◆ Instructions for the task ◆
Please return all of the records that follow, exactly as written.

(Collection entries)

= = =

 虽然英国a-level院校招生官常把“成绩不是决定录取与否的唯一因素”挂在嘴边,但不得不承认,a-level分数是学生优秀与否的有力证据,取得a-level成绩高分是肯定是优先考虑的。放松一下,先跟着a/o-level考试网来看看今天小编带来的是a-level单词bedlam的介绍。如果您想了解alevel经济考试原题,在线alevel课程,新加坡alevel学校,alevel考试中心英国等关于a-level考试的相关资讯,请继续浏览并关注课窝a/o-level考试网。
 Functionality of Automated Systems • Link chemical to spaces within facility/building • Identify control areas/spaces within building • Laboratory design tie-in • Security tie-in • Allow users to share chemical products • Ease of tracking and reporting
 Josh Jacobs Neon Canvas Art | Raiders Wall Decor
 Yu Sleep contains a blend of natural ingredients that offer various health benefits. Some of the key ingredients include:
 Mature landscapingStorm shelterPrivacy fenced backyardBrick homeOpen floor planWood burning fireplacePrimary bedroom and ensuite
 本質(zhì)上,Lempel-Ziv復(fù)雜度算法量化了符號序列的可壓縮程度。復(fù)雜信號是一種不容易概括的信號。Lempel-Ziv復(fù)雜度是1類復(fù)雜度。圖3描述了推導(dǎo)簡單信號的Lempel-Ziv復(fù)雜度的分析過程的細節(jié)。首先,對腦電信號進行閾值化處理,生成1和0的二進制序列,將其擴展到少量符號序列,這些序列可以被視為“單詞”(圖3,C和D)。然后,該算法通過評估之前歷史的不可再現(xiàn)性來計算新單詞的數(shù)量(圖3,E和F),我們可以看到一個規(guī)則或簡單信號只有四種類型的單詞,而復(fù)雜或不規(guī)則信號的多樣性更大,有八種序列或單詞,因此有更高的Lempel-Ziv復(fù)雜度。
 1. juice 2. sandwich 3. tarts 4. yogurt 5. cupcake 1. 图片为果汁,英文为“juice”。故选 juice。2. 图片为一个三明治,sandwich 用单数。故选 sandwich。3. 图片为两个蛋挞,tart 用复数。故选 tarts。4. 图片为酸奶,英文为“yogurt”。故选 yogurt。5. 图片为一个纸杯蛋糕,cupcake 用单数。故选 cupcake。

= = =

◆ Output ◆
 虽然英国a-level院校招生官常把“成绩不是决定录取与否的唯一因素”挂在嘴边,但不得不承认,a-level分数是学生优秀与否的有力证据,取得a-level成绩高分是肯定是优先考虑的。放松一下,先跟着a/o-level考试网来看看今天小编带来的是a-level单词bedlam的介绍。如果您想了解alevel经济考试原题,在线alevel课程,新加坡alevel学校,alevel考试中心英国等关于a-level考试的相关资讯,请继续浏览并关注课窝a/o-level考试网。
 Functionality of Automated Systems • Link chemical to spaces within facility/building • Identify control areas/spaces within building • Laboratory design tie-in • Security tie-in • Allow users to share chemical products • Ease of tracking and reporting
 Josh Jacobs Neon Canvas Art | Raiders Wall Decor
 Yu Sleep contains a blend of natural ingredients that offer various health benefits. Some of the key ingredients include:
 Mature landscapingStorm shelterPrivacy fenced backyardBrick homeOpen floor planWood burning fireplacePrimary bedroom and ensuite
 本質(zhì)上,Lempel-Ziv復(fù)雜度算法量化了符號序列的可壓縮程度。復(fù)雜信號是一種不容易概括的信號。Lempel-Ziv復(fù)雜度是1類復(fù)雜度。圖3描述了推導(dǎo)簡單信號的Lempel-Ziv復(fù)雜度的分析過程的細節(jié)。首先,對腦電信號進行閾值化處理,生成1和0的二進制序列,將其擴展到少量符號序列,這些序列可以被視為“單詞”(圖3,C和D)。然后,該算法通過評估之前歷史的不可再現(xiàn)性來計算新單詞的數(shù)量(圖3,E和F),我們可以看到一個規(guī)則或簡單信號只有四種類型的單詞,而復(fù)雜或不規(guī)則信號的多樣性更大,有八種序列或單詞,因此有更高的Lempel-Ziv復(fù)雜度。
 1. juice 2. sandwich 3. tarts 4. yogurt 5. cupcake 1. 图片为果汁,英文为“juice”。故选 juice。2. 图片为一个三明治,sandwich 用单数。故选 sandwich。3. 图片为两个蛋挞,tart 用复数。故选 tarts。4. 图片为酸奶,英文为“yogurt”。故选 yogurt。5. 图片为一个纸杯蛋糕,cupcake 用单数。故选 cupcake。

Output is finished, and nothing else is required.